Even assuming that such protections are put into place, might these institutions be allowed to side-step any attempted regulation by opting out of receiving federal funds entirely and agreeing to pay federal taxes? A small number of private Christian colleges in the United States have attempted to opt out of federal funds entirely. Hillsdale College, a private Christian college in Michigan, refuses to accept any federal funds, remaining independent on principle.77“As a matter of principle, Hillsdale doesn’t accept any federal or state subsidy to fund its operations, not even indirectly in the form of federal student aid. . . . Our independence allows us to maintain the integrity of our classical liberal arts curriculum, and to remain true to our founding mission.” Scholarships & Financial Aid, Hillsdale Coll., https://www.hillsdale.edu/admissions-aid/financial-aid [https://perma.cc/LV43-VK9G]. Would Hillsdale College or another similar institution thus be allowed to discriminate against their LGBTQ+ students? One of the main arguments of this Note has been that acceptance of federal funding and tax-exempt status creates a legal responsibility for educational institutions to abide by generally-applicable laws, including civil rights laws. But is the inverse true? Does independence from taxpayer dollars immunize an institution from punishment for refusing to follow federal rules? This question forces us to turn to the second major issue of this Note: Title IX.

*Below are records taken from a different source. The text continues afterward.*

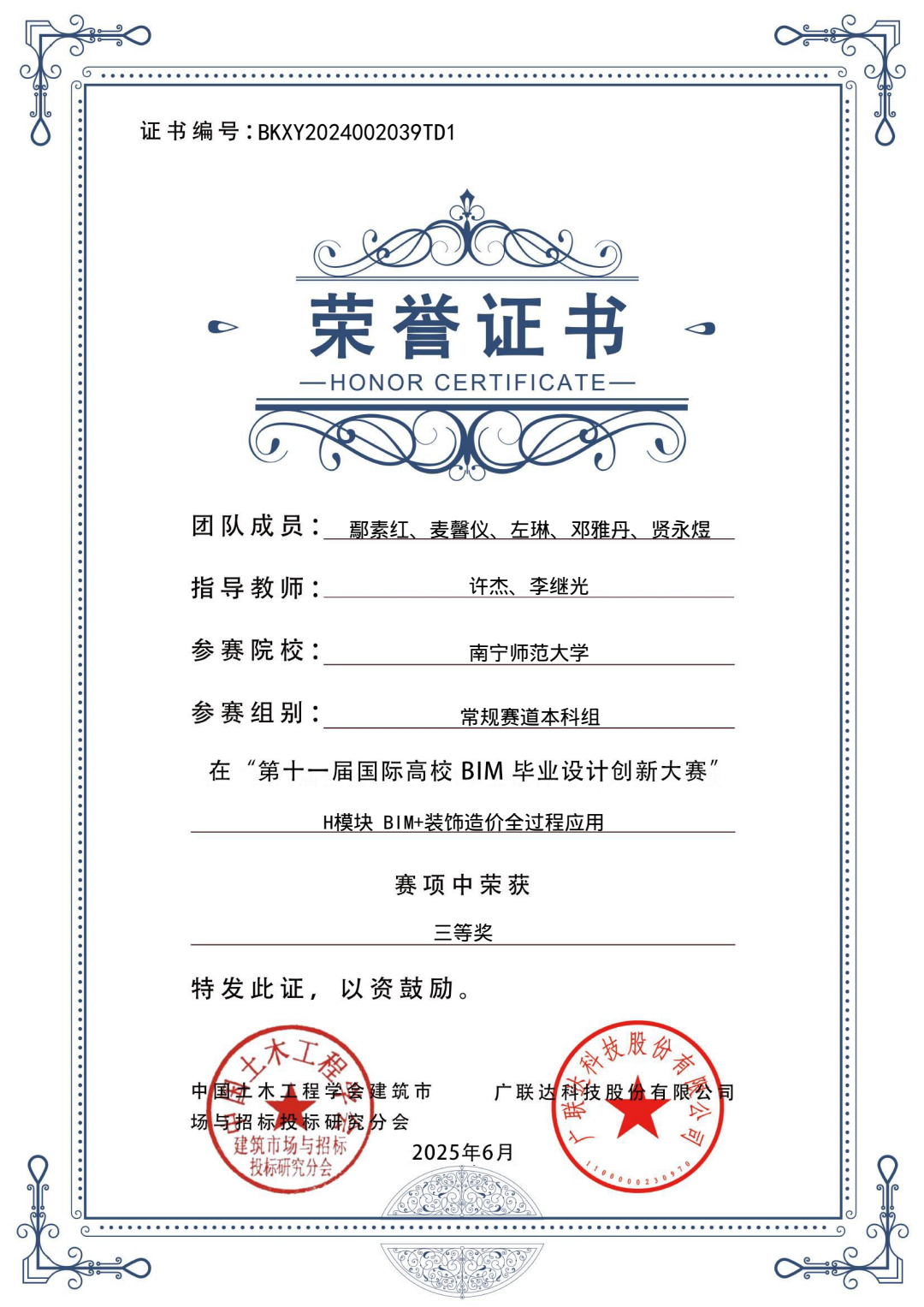 第十一届国际高校BIM毕业设计创新大赛是教育部认证的A类赛事,本次大赛共计报名700余家国内院校,10余家国外院校,14000余支团队,参与师生80000余人,共计提交作品4400余份。学院3支队伍均在此次大赛中表现出色。22级房地产开发与管理专业的陈欣怡、奚经透、谢方冰、黄顺美、宁雪梅等十五位参赛队员利用课余时间仔细研究比赛规则和相关要求,分工明确、各司其职、紧密配合。面对比赛中遇到的困难,他们迎难而上,相互交流、共同探讨,不断对作品进行优化改善。在备赛过程中,凌恺、许杰、娄信强老师对学生们的作品认真地给予指导,定期组织小组会议,以此打磨出更高质量的参赛作品,优化建模和PPT。经过长达四个月的精心准备,2025年4月9日,3支队伍在比赛官网提交了最终参赛作品。经过1000余位院校及企业专家进行线上综合评分,学院参赛队伍喜获佳绩。
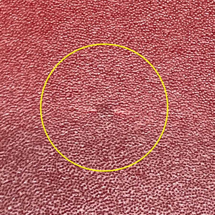 工場より到着後弊社にて検品し、ひどいものは除外しますが、軽微なもの※2(下記写真同等)は良品として納品させていただきます。気になる方は、黒や紺色をご選択いただきますようよろしくお願い申し上げます。
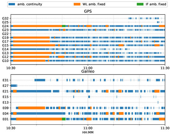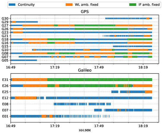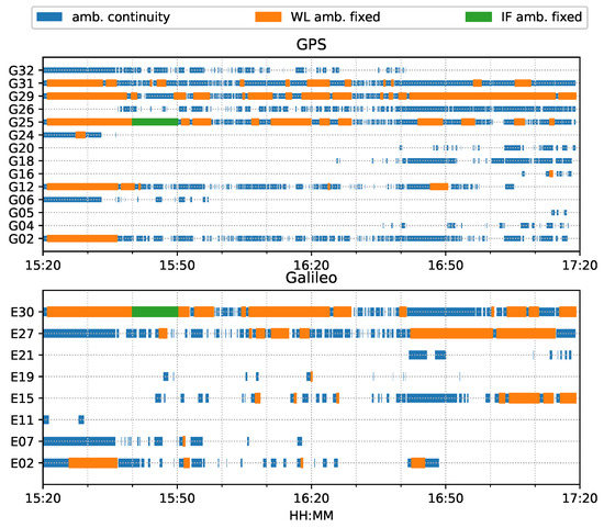 For both ambiguity-float (left column) and ambiguity-fixed (right column) solutions, the integrated results conformed well to the PPP-only solutions. The converged PPP results maintained high positioning accuracy within 10 cm during the test period, mainly because of the optimal observational conditions.With the phase ambiguity resolution (AR), the east component of the three fixed solutions achieved a noticeable improvement, as compared to the related ambiguity-float solutions. However all the solutions still require approximate 25 min to obtain converged solutions. Figure 8 shows the status of the fixed ambiguity for each observed satellite during the train test. More GPS satellites had fixed ionosphere-free (IF) or narrowlane (NL) ambiguities while only two Galileo satellites had fixed IF ambiguities.
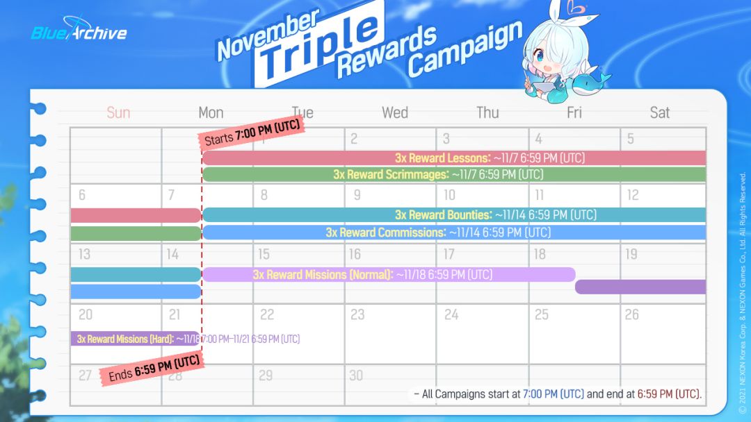 碧蓝档案 国际服 三倍活动预告 课程表&学院蕉流会三倍▼ 11月1日3:00~11月7日3:00 悬赏通缉&特别行动三倍▼ 11月7日3:00~11月14日3:00 普通本三倍▼ 11月14日3:00~11月18日3:00 困难本三倍▼ 11月18日3:00~11月21日3:00 #碧蓝档案##蔚蓝档案#

The complaint filed by REAP in Hunter v. Department of Education suggests that religious exemptions to Title IX are blanketly unconstitutional. However, this stance is unlikely to be adopted in the current political climate, in which religious freedom is highly prized and anti-LGBTQ+ discrimination is not at the forefront of most Americans’ minds. I predict that the Court will be unwilling to find that religious exemptions to Title IX are blanketly unconstitutional and the next step is to challenge the legality of the process by which such exemptions are granted. Automatic exemptions should be presumptively suspect. A better process would be for colleges to be required to request exemptions and have them formally approved. This would place the right to consider the reasoning behind the exemption requests and their validity in the hands of the executive branch—the Department of Justice. Though it is important to consider the applicability of Title IX to institutions that opt out of the public sphere, we must keep in mind the likelihood of many colleges adopting this approach. Even though a small handful of institutions have been able to stay afloat without federal funds—albeit for a short period of time—federal funds still constitute the lifeblood of most educational institutions in the United States. I find it unlikely that this “independence” movement will catch on past the small ranks that it claims today.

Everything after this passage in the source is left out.